On Mar 17, 5:27 pm, Martin Grotzke <martin.grot...@googlemail.com>
wrote:

Gaetan Voyer-Perrault

unread,
Mar 17, 2011, 12:14:13 PM3/17/11
to mongod...@googlegroups.com
> Now my question: I want to set the value of field1 (e.g. oldVersion)
> to the value of field2 (e.g. newVersion) using a server-side update,
> so that I don't have to pull all docs, modify it and save it back.

There is a whole page in the docs on server-side javascript.

Is there something missing from those docs?

Likewise, how much data needs to be processed here? 
How do you plan to track progress? 
Recover from any failures during the process?
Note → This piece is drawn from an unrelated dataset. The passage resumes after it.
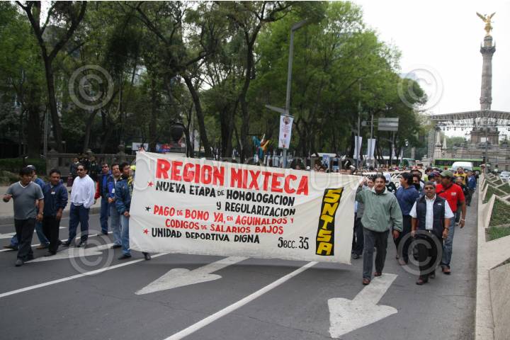 MÉXICO, D.F., 16DICIEMBRE2009.- Integrantes del SNTSA se manifiestan sobre avenida Reforma con dirección al Centro Historico, con pancartas donde exigen el pago de aguinaldos, pago de bono y homologacion salarial. FOTO: MARCO POLO GUZMÁN HERNÁNDEZ/CUARTOSCURO.COM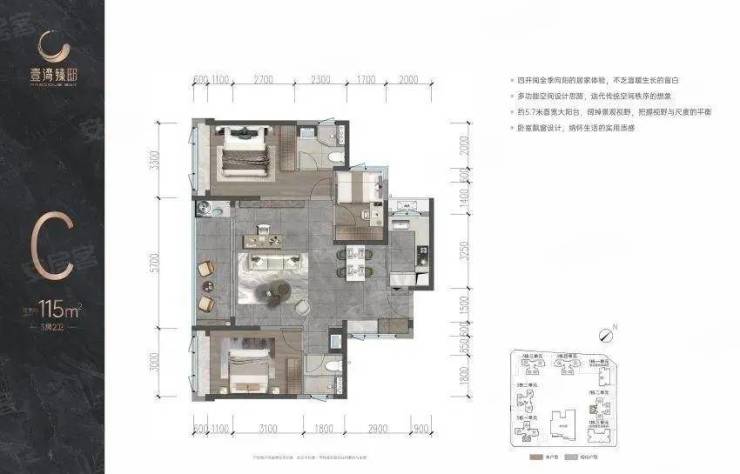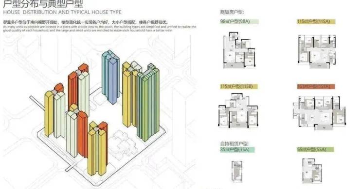 户型建面约98-115-151㎡ 3-4房,分别有2梯4户和2梯5户的设计,项目采用围合式建筑,共有7栋住宅。(具体以开发商公布为准)

On the one hand, I can understand that you don't want to send a bunch of data across the network just to update it. On the other hand, if you're running updating millions of documents, the process may take a while and trying to do it server side means that you don't get any progress information.

- Gates


--
You received this message because you are subscribed to the Google Groups "mongodb-user" group.
To post to this group, send email to mongod...@googlegroups.com.
To unsubscribe from this group, send email to mongodb-user...@googlegroups.com.
For more options, visit this group at http://groups.google.com/group/mongodb-user?hl=en.


Martin Grotzke

unread,
Mar 17, 2011, 12:30:11 PM3/17/11
to mongod...@googlegroups.com, Nat
On Thu, Mar 17, 2011 at 2:22 PM, Nat <nat....@gmail.com> wrote:
> You aren't supposed to perform database operations inside M/R
> functions. For merge, reduce option, see a nice blog article from Kyle
> at http://kylebanker.com/blog/2009/12/mongodb-map-reduce-basics/

Great, just this, tried again, and on the mongo shell it's working
fine with this:

> m = function() { if (this.processedVersion < this.newVersion) { emit(this._id, this); } }
> r = function(key, values) { values[0].processedVersion = values[0].newVersion; return values[0]; }
> db.things.mapReduce(m, r, { out : { reduce : "things" } });

Thanx && cheers,
Martin


>
> On Mar 17, 5:27 pm, Martin Grotzke <martin.grot...@googlemail.com>
> wrote:
>> Hi,
>>
>> -- at first: congrats to the mongodb team to the 1.8 release, great job! --
>>
>> Now my question: I want to set the value of field1 (e.g. oldVersion)
>> to the value of field2 (e.g. newVersion) using a server-side update,
>> so that I don't have to pull all docs, modify it and save it back.
>>
>> With mongodb 1.6 I used a solution using map/reduce:https://gist.github.com/865065
>>
>> Right now I'm trying to get this running with mongodb 1.8, but as the
>> finalize function can no longer access the db this solution doesn't
>> work anymore.
>> I also played with output options "reduce" and "merge" but didn't get
>> it to work.
>>
>> Is it possible to achieve what I want with 1.8 and map/reduce?
>> Or would you suggest choosing another way?
>>
>> Thanx && cheers,
>> Martin
>

> --
> You received this message because you are subscribed to the Google Groups "mongodb-user" group.
> To post to this group, send email to mongod...@googlegroups.com.
> To unsubscribe from this group, send email to mongodb-user...@googlegroups.com.
> For more options, visit this group at http://groups.google.com/group/mongodb-user?hl=en.
>
>

--
Martin Grotzke
http://www.javakaffee.de/blog/

Martin Grotzke

unread,
Mar 17, 2011, 12:50:16 PM3/17/11
to mongod...@googlegroups.com
On Thu, Mar 17, 2011 at 5:14 PM, Gaetan Voyer-Perrault <ga...@10gen.com> wrote:
>> Now my question: I want to set the value of field1 (e.g. oldVersion)
>> to the value of field2 (e.g. newVersion) using a server-side update,
>> so that I don't have to pull all docs, modify it and save it back.
> There is a whole page in the docs on server-side javascript.
> http://www.mongodb.org/display/DOCS/Server-side+Code+Execution
> Is there something missing from those docs?
No, I think the docs are fine.

> Likewise, how much data needs to be processed here?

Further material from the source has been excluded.